Caring for Frail Neighbors

Caring for frail neighbors can save lives during weather disasters. This week the #bombcyclone put our village through a week of the coldest weather I can remember. Today the temperature rose from MINUS 5 Fahrenheit  to 18 degrees. Yet, somehow it actually felt warm!

Caring for Frail Neighbors

When my mom was here, I suffered from a sense of desperate loneliness during weather events like this. Even though we usually had enough fuel and food, the people who supported us could not get to our house. Snow, ice, and school cancellations kept them at home. Now that mom is receiving care in a 24-hour setting, I don’t face the same barriers and isolation. Though I’m often sad about her absence, I now have more time to help others living around me.

There are several older neighbors in my community who suffer from serious health problems. Mary, for example, lives on the lane behind our property. She took care of her sick husband for many years. He had multiple heart operations with many different complications. Like me, she suffered shoulder dislocations from lifting a loved one when there was no one available to help. Mary served as a home #caregiver who looked after her husband until the very end of his life.

Mary also helped me on many occasions during my mother’s illness. Hardship never stole her sense of humor or spiritual faith. But now she’s the one suffering from health problems. Despite her physical limitations, Mary hates to ask for help. Like so many elders, she won’t admit when she needs assistance.

When caring for frail neighbors or family

It’s easy to think that elders turn down offers of help because they’re being  proud or stubborn. But an interesting research study from the University of Oregon helps explain why many elderly people refuse aid from people who care about them. Professor Michelle Barnhart found that elders were less likely to accept help if the person offering assistance made them feel old.  

According to Barnhart,”Almost every stereotype we associate with being elderly is something negative, from being ‘crotchety’ and unwilling to change to being forgetful. Conflicts come up when someone does not think of themselves as old — but people in their family or caregiving group are treating them as such.”

The findings from this research can be very helpful when you’re reaching out to an older friend or family member.
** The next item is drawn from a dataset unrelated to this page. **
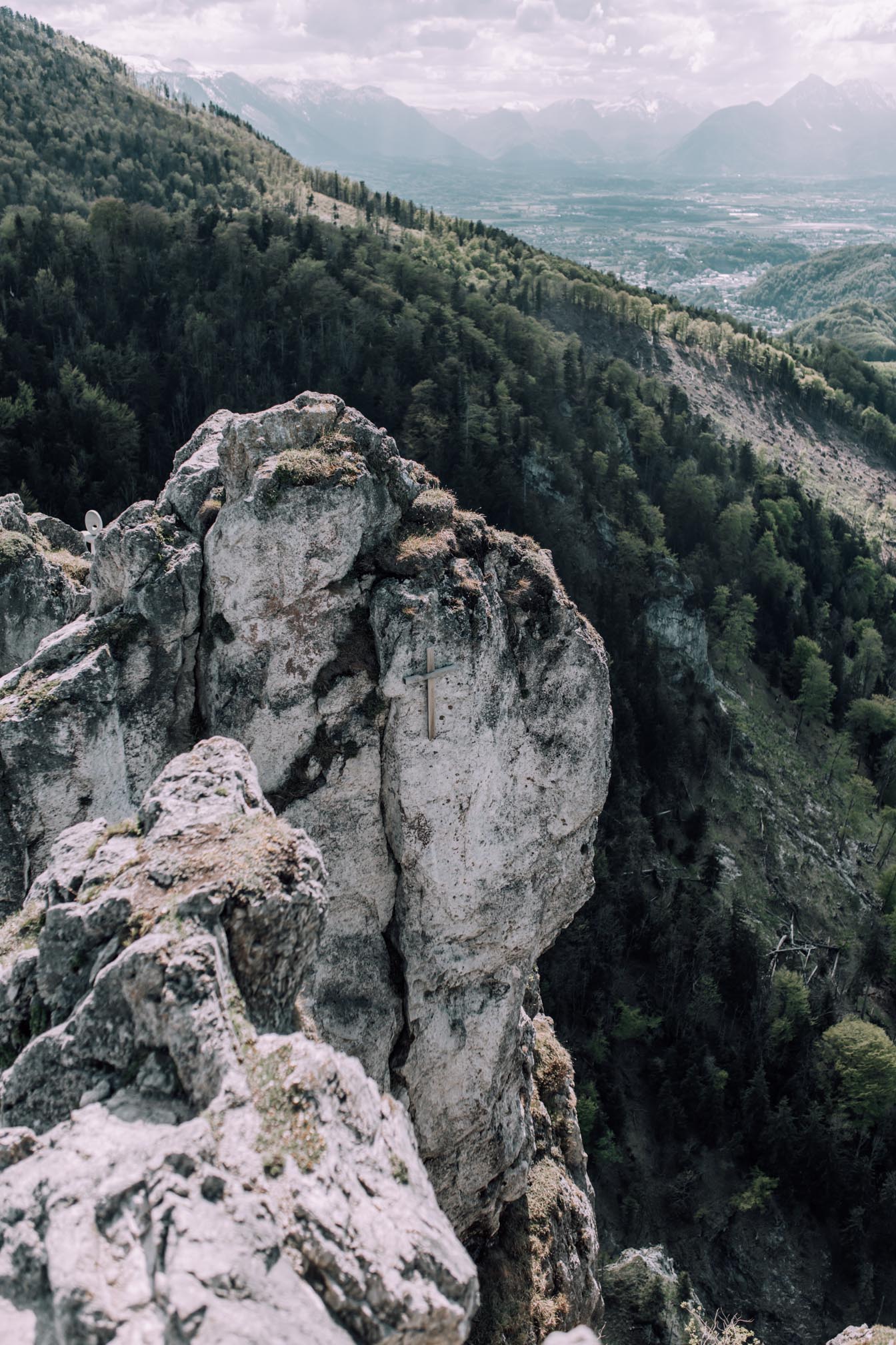 Der Ausgang der Wanderung ist beim Gasthof Riedl. Gleich danach befindet sich ein öffentlicher Parkplatz wo man ohne Probleme stehen bleiben kann. Achtung am Wochenende kann es hier auch schon mal schnell voll werden. Die Wanderung ist sehr gut beschildert, man kann sich hier also eigentlich nicht wirklich verlaufen. Ab dem Parkplatz geht es links in den Wald, das erste Stück ist zwar ein bisschen steiler aber doch sehr gemütlich und auch dieser Weg ist mit Kindern und Hund sehr gut machbar. Man geht die meiste Zeit eigentlich durch den Wald. Trotzdem ist die Route sehr abwechslungsreich und wirklich schön zu gehen. Man geht kurz auch ein kleines Stück wieder bergab und dann wieder bergauf bis man den Wald verlässt und das erste Mal einen schönen Blick auf Salzburg hat. Hier geht es dann rechts ein kurzer Stück ein bisschen anspruchsvoller weiter. Man kann hier entweder gerade über die Felsen zum Gipfel klettern, oder man folgt dem Weg rechts zum Gipfel. Zweiterer dauert ein paar Minuten länger ist aber auf jeden Fall der einfachere Weg. Nach ca. 45 Minuten hat man das Gipfelkreuz erreicht und kann einen schönen Blick über die Stadt, den Gaisberg und die Umgebung genießen. Wer übrigens nach dieser kurzen Wanderung noch nicht genug hat, kann auch noch auf den Gaisberg weitergehen- steht bei mir auch noch auf der Liste.

When my mom first got sick, she got furious the day I suggested she get involved in something fun at the Senior Center. Why? Because Senior Centers are for old people! So as you check in on the elders in your life — whether you’re worried about their memory or their food supply — try to offer help in a way that treats their age as a well-kept secret.

You are More than a Caregiver

You are more than a caregiver!  Unfortunately, I had almost forgotten that motto. I haven’t written much in the past month. My house was accumulating dust. The garden sat untended. I was so overwhelmed with #caregiving responsibilities that I found myself neglecting important matters.

You are More than a Caregiver

Last year, when I moved my mom back into my house I wasn’t sure what to expect. Doctors had been discussing hospice and I was really afraid she would die among strangers. Bringing her home again felt like the right choice. I could not foresee how much my own life would change. I wanted last summer to be special. I wanted Mom to enjoy the sounds of birdsong on the porch and feel nourished by good home cooking. I didn’t plan further than that.

After we moved her, Mom got stronger for a while. Then she got weaker. I went from being able to manage her hygiene alone to needing another support person. Now we rely on a rotating group of helpers who pop in when I have to take her to the bathroom, or make sure I can get out to go to the bank. My household is like a carousel that keeps spinning. But in the process of managing everything for my mother, I’ve been quietly losing bits of myself.

How #Caregivers Lose Ground

In recent months I stopped finding time to do things that matter:

  • I wasn’t taking my walks. I used to go out almost every day for at least 20 minutes. The weather’s been nice, so there’s no excuse. I just let daily walks slip out of my routine.
  • My personal writing projects were shoved to the back burner. Pieces I’d been working on for months started to seem unimportant. Somehow they never got finished.
  • Mom now needs two people to lift her instead of one, so I can’t leave the house for more than two hours unless there are two aides on duty. My response: I stayed home more and lost time spent with friends and my sweetheart Mike.

I could blame my mom, but I let this happen without noticing the subtle ways things had changed. I’m getting a grip on the wheel again and I can see how even a modest lack of discipline can result in losing track of yourself. Somewhere along the way I stopped fighting the rising tide of responsibility.

Now I see that #caregivers must fight that tide to keep our lives from getting swept away in it. I have to schedule my walks on the calendar if I’m going to take them. In terms of family health, my walks are as important as my mother’s doctor’s appointments. I have to fight the temptation to do so much for others when the itch to write gets strong. Those unwritten pages haunt my dreams. Time with friends is essential, too. I need to take the initiative to make sure I get those social breaks.

Being a #caregiver is hard. We’re forced to make many sacrifices. Our silver lining is a rare, prolonged glimpse into the heart of human experience. If we pay attention, we can learn patience and humility — essential qualities in this crazy world! But we walk a tightrope every day. Without balance, we fail ourselves.